Top positive review
5.0 out of 5 starsSo Good It's Now a College Assignment
Reviewed in the United States on October 24, 2018
I have read it three times, seen the movie twice.
I teach psychology and there is so much psychology in here (stress and health, cognition, intelligence, problem-solving, resilience, group dynamics. . . ) that I have made it an extra-credit assignment in my Introduction to Psychology courses at an engineering school. My engineers typically do not 'get' why they have to take a social science course, and because this is not terrifically SciFi but more of an adventure story (very near-future, based largely on existing technology, no aliens) it demonstrates perfectly how psychology is relevant to engineers. Plus I figure they'll enjoy it because the protagonist is a botanist cross-trained in mechanical engineering, which is what many of my students are majoring in. It is just geeky enough while still being, as one professional reviewer called it, "a cracking good read."
My point in telling you all that, knowing that the vast majority of you are not undergraduate engineering students or psychology instructors, is that this is the kind of book that anyone, even people who don't particularly like SciFi or aren't even regular readers of fiction can LOVE.
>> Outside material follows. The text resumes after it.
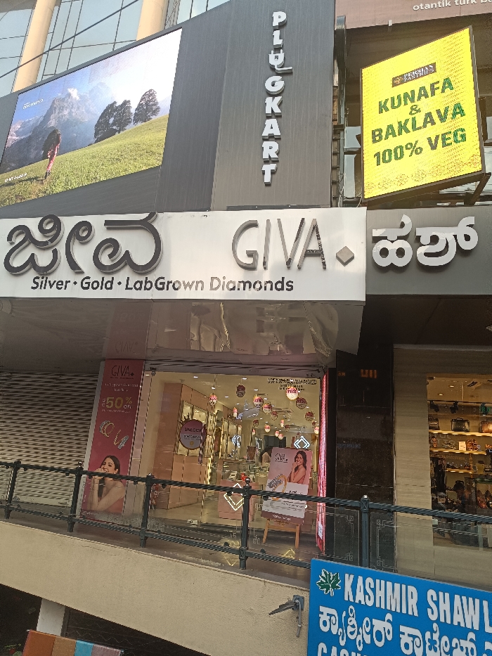 storefront of a jewelry store called "GIVA" in Bengaluru, India. The store's address is 12.973, 77.607. The storefront is on a street level with a large sign reading "GIVA" and "Silver Gold Lab Grown Diamonds" in English and Kannada. There is a smaller sign displaying "GIVA" and "50% Off". The storefront has a glass door and a window with various jewelry displays. A woman with long hair and a white shirt is visible through the window, possibly a staff member. The image shows a second storefront behind GIVA, with a yellow sign promoting "Kunafa & Baklava" and a smaller, blue sign in Kannada, possibly for a Kashmiri shawl shop. The image also shows an LED screen with an advertisement showcasing a mountain landscape. The scene is bright with natural lighting and the sidewalk is clean.

But for the rest of us, it is an adventure story with a character you can immediately both admire and identify with, and it is told perfectly. Seriously. Weir keeps up the tension, and just when you think you can relax. . . BAM!! (Literally: Things explode.) The dialogue is pitch-perfect, the dilemmas faced by all of the characters, both moral and practical, involve you in their struggles and make you think.
It makes a good movie, but you should read the book even if you've already seen it. There's a limit to what you can pack into even a 2-1/2 hour movie, and watching it all unfold is not at all the same as getting into Watney's head the way you do when you read it (it's written in first person POV).